# Lucid Dreaming > Attaining Lucidity > Induction Techniques >  >  Quickest way to attain lucidity?

## D-Shizzle

It's been a long time since I've been on here, and I haven't written my dreams down in a while. So starting tonight I'm going to resume my dream journal, but besides that what are useful techniques to quickly start attaining lucidity? I know it's not an overnight process, but what are the most effective ways of doing it?

----------


## Arch

Personally I find this method the quickest way  :smiley:  Try it out.
http://www.dreamviews.org/f12/how-ha...-guide-124969/

----------


## Choi

Quickest way to lucid dream? I would say meditation, because when you have pracctised that for a bit, hours feels like minutes. So that's WILD.

But I used to get some lucid dreams before by setting an alarm to wake me up so I could DEILD, so all I had to do was to fall asleep. But eventually my body got used to this alarm so it stopped working. And the lucid dreams were short.
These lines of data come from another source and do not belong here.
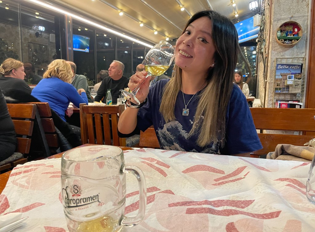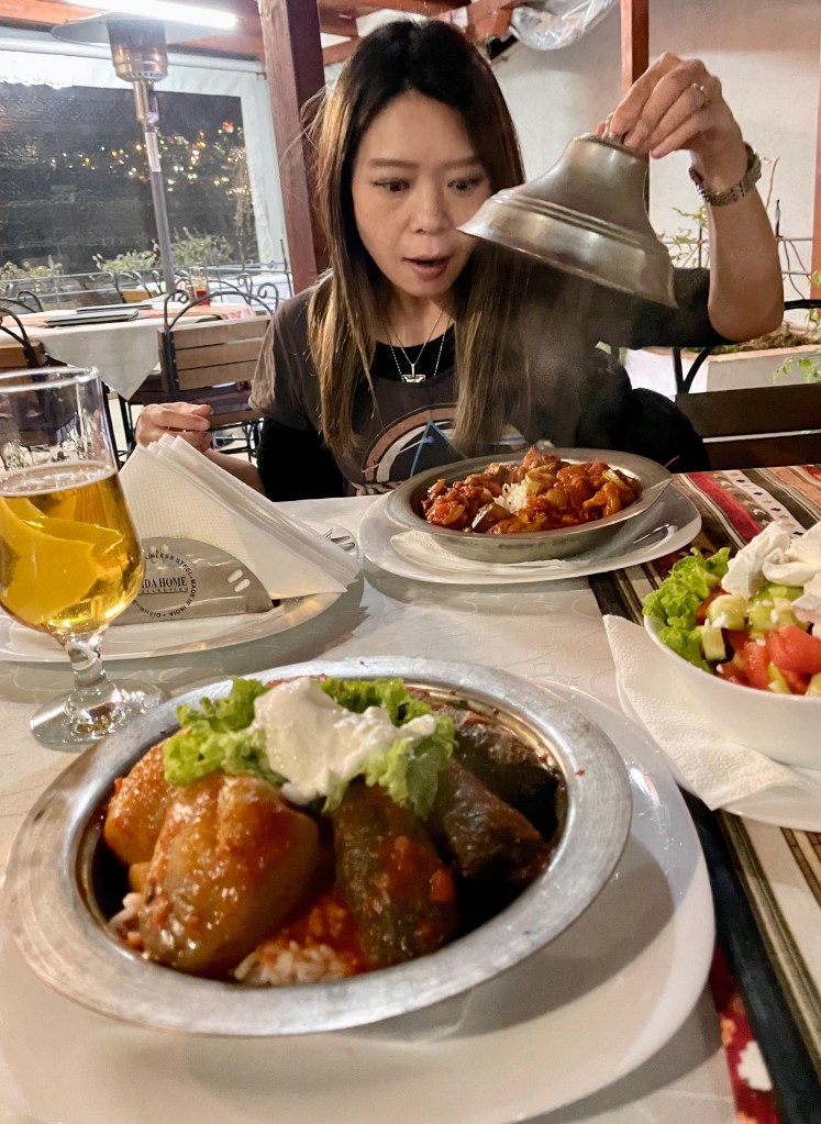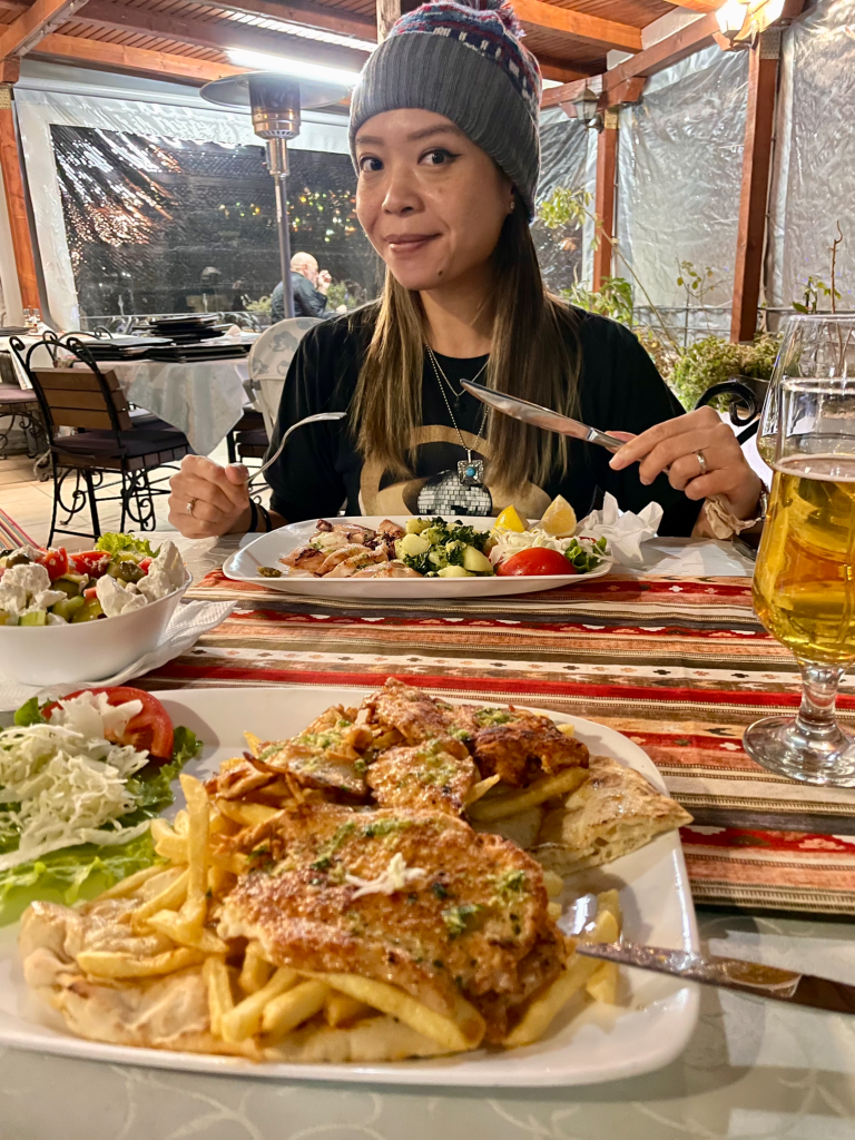 We chill for an hour or two before walking back into town for our Saturday night restaurant meal. A very friendly restaurant tout had handed us a flyer when we were in the Old Town on our first night. We held onto the flyer, so we decide to try the restaurant tonight. It’s excellent, although far more comfortable after I ask our waiter to turn on the outdoor heater next to our table!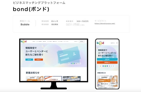 Bubble開発事例2:ビジネスマッチングプラットフォーム「bond(ボンド)」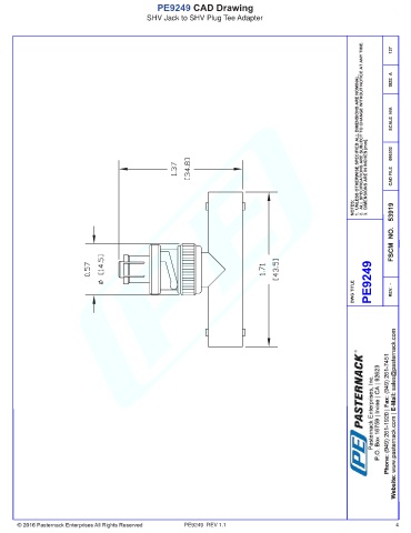 PE9249 CAD Drawing SHV Jack to SHV Plug Tee Adapter PE9249 REV 1.1 4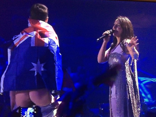 В разгар рулад Джамалы на сцену выскочил пранкер и быстро показал попу. Короче говоря, вел себя не принужденно.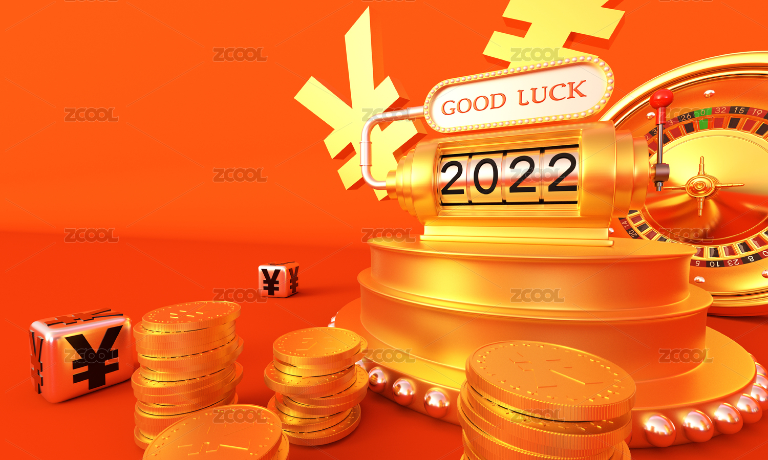 2022與人民幣符號,博彩機與好運來臨

Just by pracctising awareness over all is another way to go, and the best way is to keep a DJ. So you become more aware of the dreams and hopefully they will become vivid enough to make you have a spontanious lucid dreams. 

Good luck  :wink2:

----------


## xxdanxx

Sadly this isn't straight forward, although I am not first to speak with such a low LD count but I have done my fair share of Research, everybody is unique and as a result, different techniques work differently on people. From my personal perspective I find that training Auto-Suggestion and MILD got me my first 3 Lucid Dreams.

I recommend finding a technique that interests you and the most important facotr of that technique is belief. Believe you can already do it.

----------


## Abra

Good old DILD and naps. DILD and naps.

----------